The EU wants to build more hydrogen filling stations for commercial vehicles. Fitch Solutions auto analyst Joshua Cobb said the bloc will likely not begin pushing hydrogen passenger cars for another two to three years as he is still considering how to pay for his battery-electric car push and get enough “green”. Hydrogen from renewable sources.
But he added: “It is not impossible to think that the (German) Greens, when they come to power, could accelerate the push to pass regulations in favor of hydrogen fuel cell cars.”

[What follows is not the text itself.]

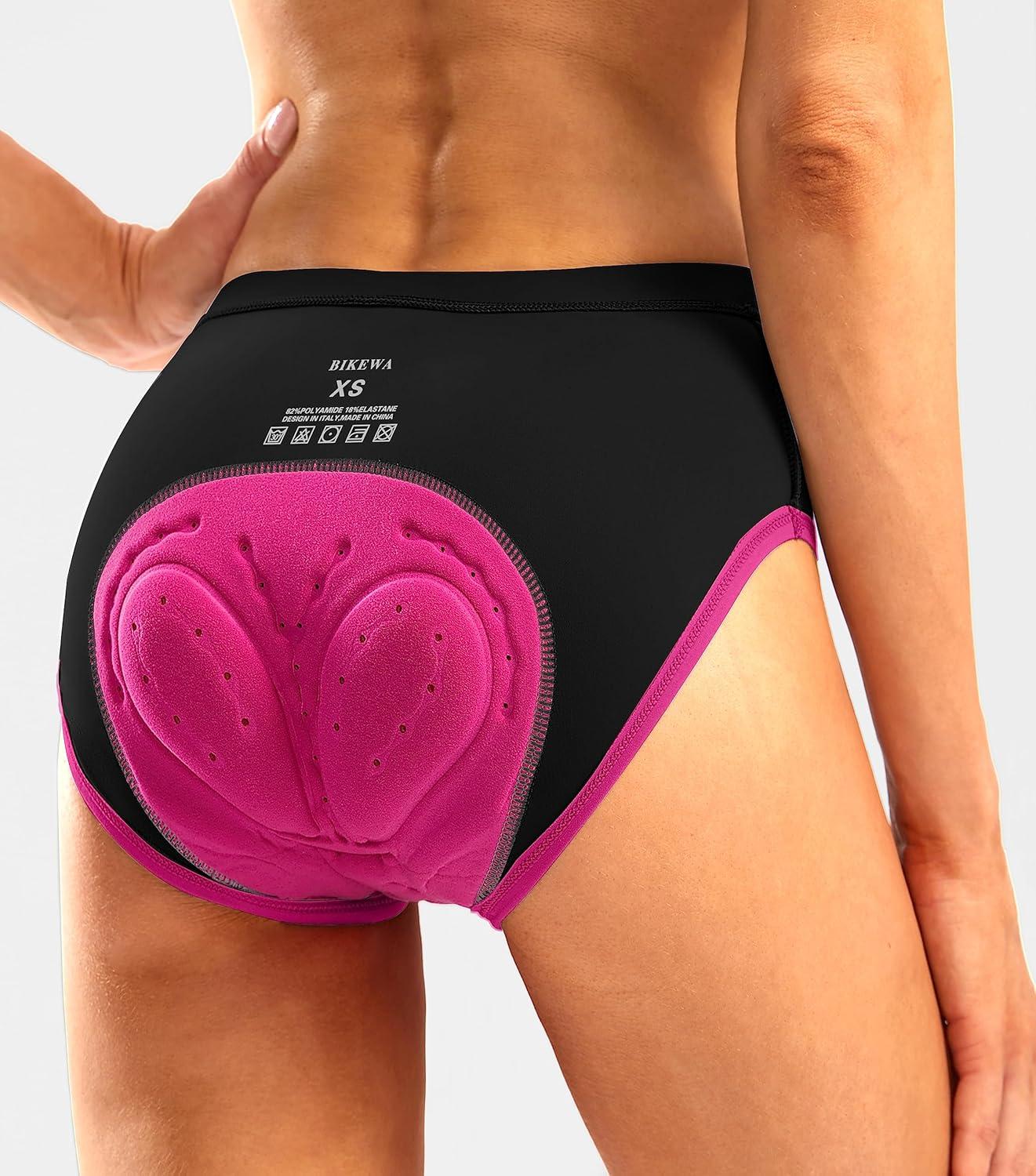 Bikewa Women’s 4D Padded Bike Underwear Cycling Bicycle Shorts Biking Riding Briefs Biker Cycle Undershorts for Women(Black/Rosy)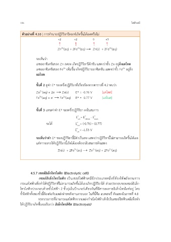 ขั้นที่ 2 ดูค่า E◦ ของครึ่งปฏิกิริยาที่เกี่ยวข้องจากตารางที่ 4.2 พบว่า

BMW’s Guldner admitted that hydrogen technology was too expensive to be viable in the consumer market today, but said costs would come down as freight forwarders invested in the technology to bring fuel cell vehicles to market on a large scale.
To demonstrate the hydrogen prototype X5 from BMW, Guldner Reuters spun at 180 kilometers per hour on the autobahn near the automaker’s headquarters in Munich and gave him enough fuel in a few minutes, a total of 500 km with a hydrogen pump at a gas station.
Guldner said BMW sees hydrogen fuel cell cars as a “complement” to its future battery-electric model range and offers an alternative for customers who cannot charge at home, travel far and want to fill up quickly. The engine of the hydrogen X5 is the same as the all-electric iX from BMW.
“If the future is zero emissions, we believe it is better to have two answers than one,” he added.
A LONG AND SANDING ROAD
However, Fitch Solutions’ Cobb said it would be years before European political support for hydrogen-powered cars resulted in significant sales.
In fact, auto consultancy LMC predicts that various uses of hydrogen – in commercial vehicles, aviation, and energy storage – would drive its adoption in passenger cars, but in the longer term.
“We’re not going to make it anytime soon,” said LMC senior powertrain analyst Sam Adham. LMC estimates that hydrogen fuel cell models will account for only 0.1% of sales in Europe in 2030, and sales will only pick up after 2035.
Disagreements remain about the prospects for technology in the global automotive industry and even within auto companies.
VW’s Audi unit is researching fuel cells, for example, but Volkswagen Group CEO Herbert Diess has spoken out against hydrogen-powered cars.
“The hydrogen car has not proven to be a solution to climate change,” he said in a tweet this year. “Sham debates are a waste of time.”
Stephan Herbst, General Manager of Toyota in Europe, sees it differently.
In his role as a member of the Hydrogen Council business group, which predicts hydrogen will power more than 400 million cars by 2050, Herbst said he was confident that governments had now set ambitious CO2 reduction targets that they would put hydrogen alongside the battery propel electric cars.
“We firmly believe that this is not a question of either or,” he added. “We need both technologies.”